Born into a family of master carpenters, Pigalle began training as a sculptor at age 18 with Robert Le Lorrain and then studied with Jean-Baptiste Lemoyne. After failing to win the Prix de Rome in 1735, he studied independently in Rome at his own expense from 1736 to 1739. His most famous work is the statue Mercury Attaching His Wings (1744), a classicizing work conveying qualities of both graceful ease and youthful vitality.
Pigalle was made a member of the Royal Academy in 1744; his reception piece was a marble version of the Mercury. The statue became so popular that Louis XV commissioned a life-size marble version of it to present to Frederick II of Prussia in 1749. Pigalle was appointed a professor at the Royal Academy in 1752.

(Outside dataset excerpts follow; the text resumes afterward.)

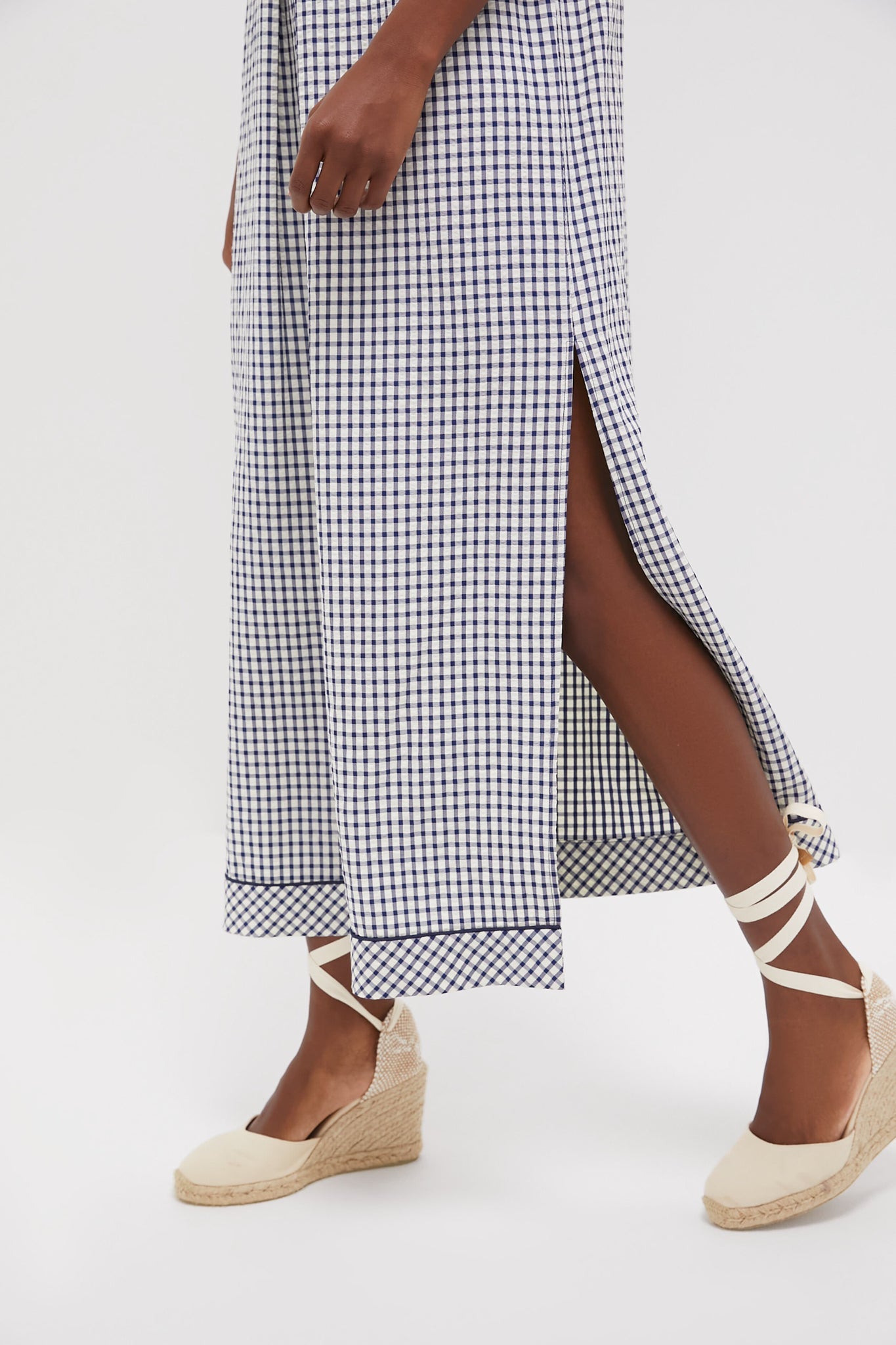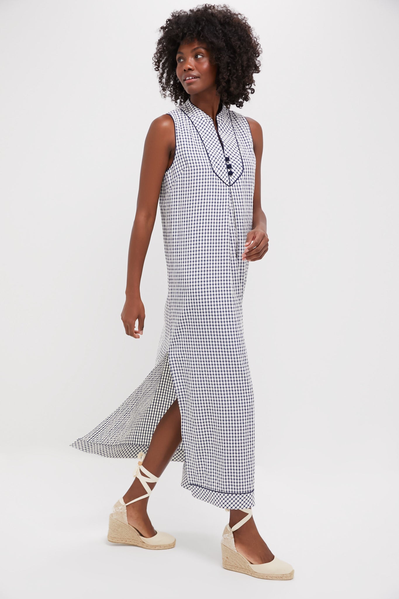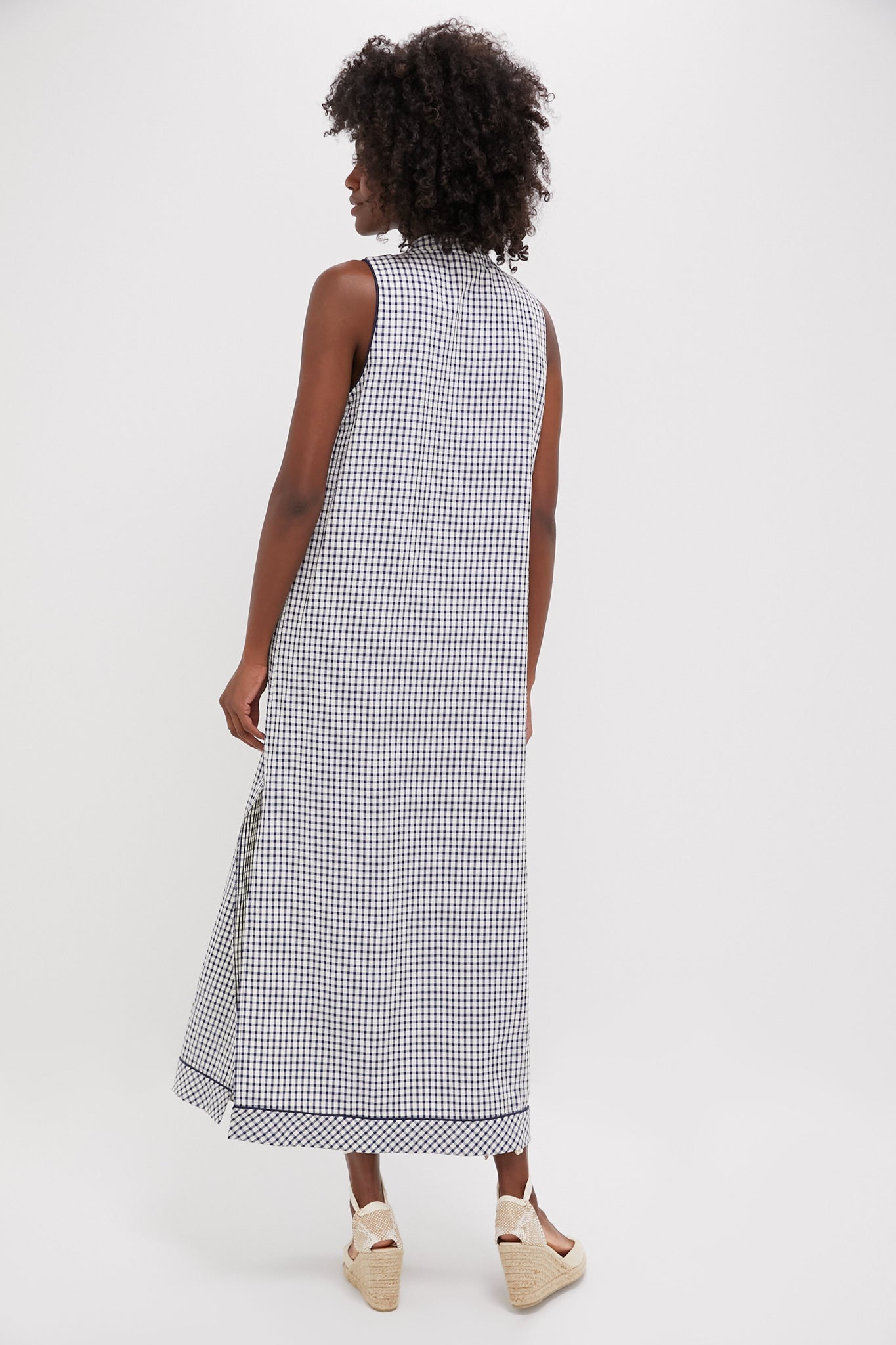 The Navy Gingham Seersucker Haines Dress is a warm weather staple. With a stand collar, maxi length, and oh so trending gingham seersucker fabric, you are sure to stay cool and stylish in this maxi! Pair with wedges and a clutch for elevated girls lunch, or throw on over a bathing suit with sandals for a beach-to-bar look, the option are endless!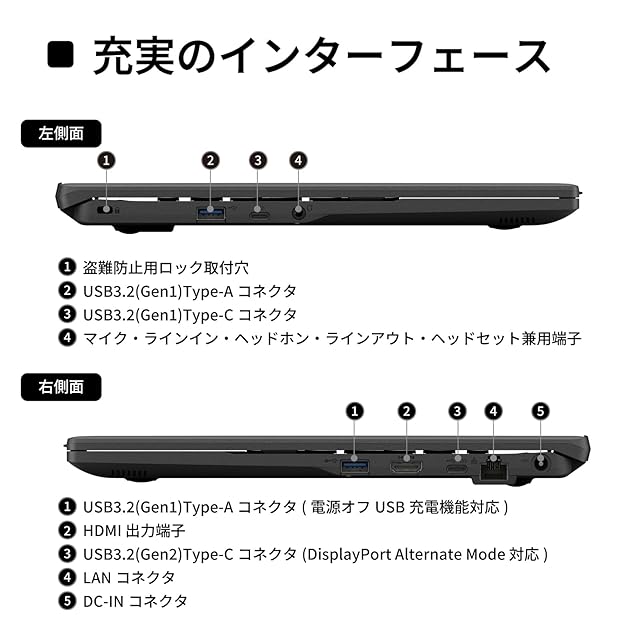 ディスプレイ:15.6型ワイド フルHD[1920×1080] ノングレア液晶 / 拡張I/F:HDMI出力×1、USB3.2(Gen2)Type-C×1(右側面(USB Power Delivery対応、DisplayPort Alt Mode対応))、USB3.2(Gen1)Type-C×1(左側面)、USB3.2(Gen1)Type-A×2(右側面×1(電源オフUSB充電機能付)、左側面×1) / 無線通信:Wi-Fi 6(1.2Gbps)対応、IEEE 802.11ax/ac/a/b/g/n準拠、MU-MIMO対応+Bluetooth v5.3準拠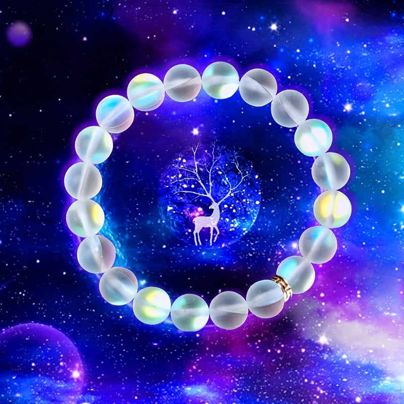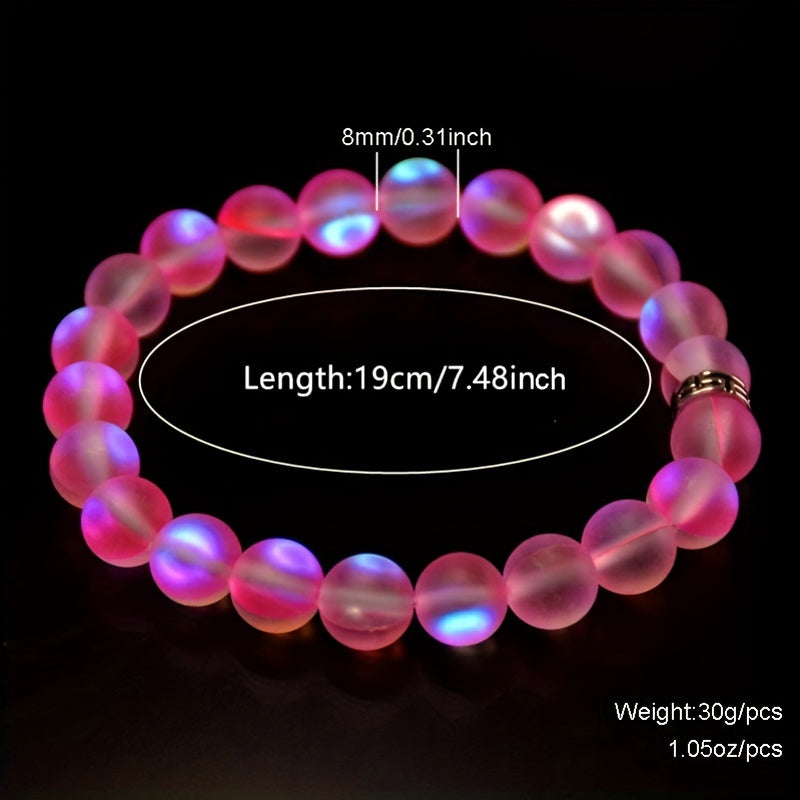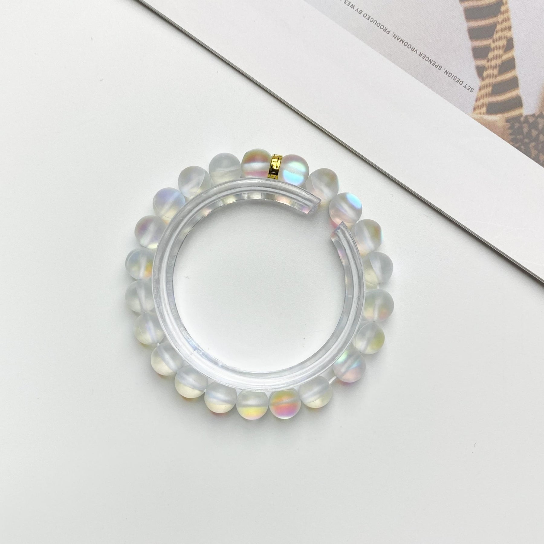 This bracelet features natural beads that mimic moonstone with a frosted smooth finish. It is a stylish accessory that adds a touch of elegance to any outfit.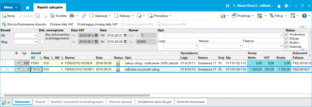 Zestawienia rejestrów VAT sprzedaży i zakupów zostały tak zmodyfikowane, aby prezentowały również dokumenty bez linijek (tylko nagłówki). Poprawiono również procedury napełniające struktury JPK VAT, aby uwzględniały dokumenty bez linijek.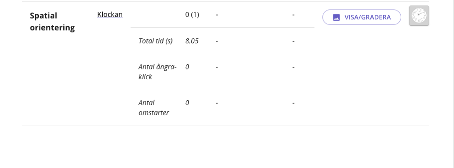 Via detaljerat resultat: klicka på Visa/Gradera under Klocktest i tabellen för Visuospatial funktion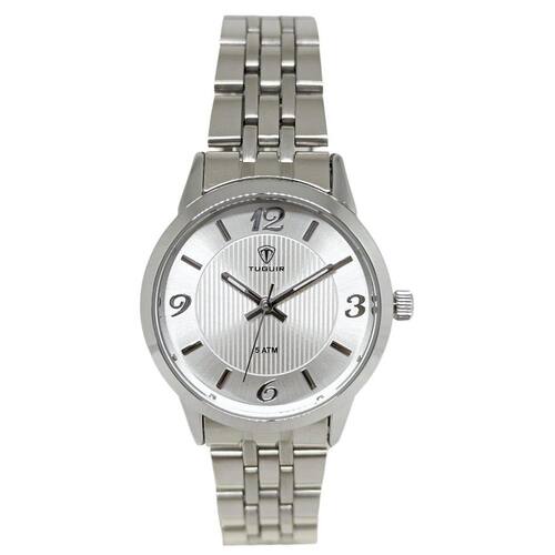 Relógio Feminino Tuguir ógico 9182A Prata Relógio Feminino Tuguir ógico 9182A Prata Marca: Tuguir Categoria: ógico ógico: Sim 1 Horário Ponteiros Fluorescentes: Selecione Digital: Não Luz: Selecione Resistente à Água: 5 ATM Pode ser para nadar no raso, por pouco tempo submerso - Respingos: Sim - Chuva: Sim - Lavar Carro: Sim - Lavar Louça: Sim - Natação: Sim - Mergulho: Não Característica do Vidro: Cristal Mineral Tipo de Fecho: Dobrável com Botão Cor da Caixa: Prata Material da Caixa: Metal Banho IP Formato da Caixa: Redondo Diâmetro da Caixa: 32,00 mm Espessura da Caixa: 9,00 mm Cor da Pulseira: Prata Material da Pulseira: Aço Largura da Pulseira: 13,50 mm Comprimento Máximo da Pulseira: 260,00 mm Alimentação: Bateria Interna Peso Líquido: 0,060 Kg Modelo: 9182A Cor Predominante: Prata : 12 Meses Conteúdo da Embalagem: 01 Relógio 01 Embalagem 01 Termo de Marca: Não Informado

Pigalle enjoyed the patronage of Madame de Pompadour from 1750 to 1758. He created several allegorical figure groups for her, such as Love and Friendship (1758), with some statues bearing her features in stylized form. He achieved considerable popularity with several smaller, decorative, sentimental studies of children done in a Rococo style, such as the Child with a Bird Cage (1750). He was also an original and intelligent portrait sculptor, as is evident in his forcefully observed bust of Diderot (1777) and in the Nude Voltaire (1776), an anatomically realistic rendering of the aged philosopher that caused a furor when first shown. Pigalle’s two most important late commissions were the tomb of the duc d’Harcourt (1769–76) and the grandiose and theatrically effective tomb of the comte de Saxe in Strasbourg (1753–76). Stylistically, Pigalle had difficulty combining his naturalistic tendencies with the conventional classicizing formulas of the time, but his sculptures almost always show qualities of daring, inventiveness, and charm.